# 機率論&數理統計不熟整理
###### tags: `統研所考試`、`機率數統`
---
## 基本機率
### 排列
>[!NOTE]
>在n個相異物品中抽m個排序
$P^n_m=\frac{n!}{m!}$
### 相異球放相異盒問題
m個相異球放入n個相異空盒,沒有空盒的數目($D_n$)為:
$D_n=n^m+C^n_1(n-1)^m+C^n_2(n-2)^m+....+(-1)^{n-1}C^n_{n-1}\times 1^m$
### 相異物重新排列問題
有n件相異物排成一列,現重新排列,沒有物件在原來位置的排列數目($D_n$)為:
$D_n=n![1-\frac{1}{1!}+\frac{1}{2!}-\frac{1}{3!}+...+(-1)^n\frac{1}{n!}$
## 用到的微積分
### $({1-\lambda \over n })^n$≈ $e^{-\lambda}$
### 泰勒展開
#### souce:662
The nth Taylor polynomial at $x=a$ of $f(x)$ is:
$p_n(x)$$=f(a)+{f^′(a)\over 1!}(x-a)+{f^{′′}(a)\over 2!}(x-a)^2+...{f^{(n)}(a)\over n!}(x-a)^n$
- 若a=0,則稱為Maclauriu多項式,<u>也是e的指數函數定義。
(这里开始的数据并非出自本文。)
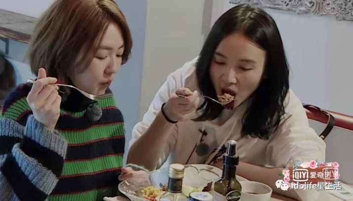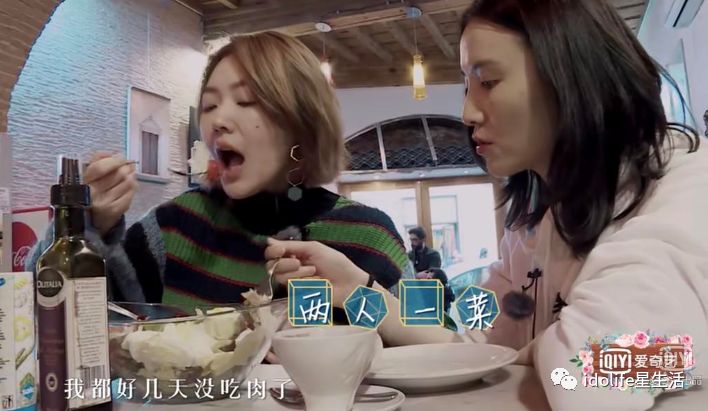 在第一集里,宋佳和小S两人吃一份沙拉,宋佳嘀咕着“我都好几天没吃肉了。”

</u>
- $e^\lambda = \sum\limits _{x=0}^\infty \frac {\lambda ^x}{x!}$
## 函數
### Gamma function
- Def: $Γ(α)=\int _0 ^\infty x^{α-1}e^{-x}dx$
- 性質:
- $Γ(n)=(n-1)!$, if n is postive integer.
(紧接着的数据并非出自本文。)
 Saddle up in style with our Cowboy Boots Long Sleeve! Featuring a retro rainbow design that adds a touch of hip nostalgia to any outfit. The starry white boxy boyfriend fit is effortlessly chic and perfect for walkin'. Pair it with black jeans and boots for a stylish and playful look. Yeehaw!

- $Γ(\frac {1}{2})=\root \of {\pi}$
- $Γ(α)=Γ(α-1)(α-1)$, or $Γ(α+1)=Γ(α)(α)$
- $Γ(α+n)=Γ(α)(α)(α+1)(α+1)...(α+n-1)$
### Bata function
- Def: $B(a,b)=\int _0^1 x^{α-1}(1-x)^{b-1}dx$
- 性質:
- $B(a,b)= \frac {Γ(a)Γ(b)}{Γ(a+b)}$
- $B(a,b)=B(b,a)$
### 條件機率期望值算法
#### souce: intro.DP192
$E(Y|X)=\sum_y yf(y|x)$ , if X and Y are discrete.
$E(Y|X)=\int_{-\infty}^{\infty} yf(y|x)\mathrm{d} x$ , if X and Y are continuous.
### E(X)、Var(X)、Cov(X)其他性質
1. $E[E(Y|X)]=E(Y)$
2. $Var(Y|X)=E{[Y-E(Y|x)]^2|x}=E(Y^2|x)-[E(Y|x)]^2$
- $Var(X)=E[(X-E(X)]^2]=E(X^2)-[E(X)]^2$
3. $Cov(X,Y)=E[(X-\mu_x)(Y-\mu_x)]=\sum (x_i-\mu_x)(y_i-\mu_y)$
$=E(XY)-E(X)E(Y)=\sum x_iy_i-n\mu_x\mu_y$(?)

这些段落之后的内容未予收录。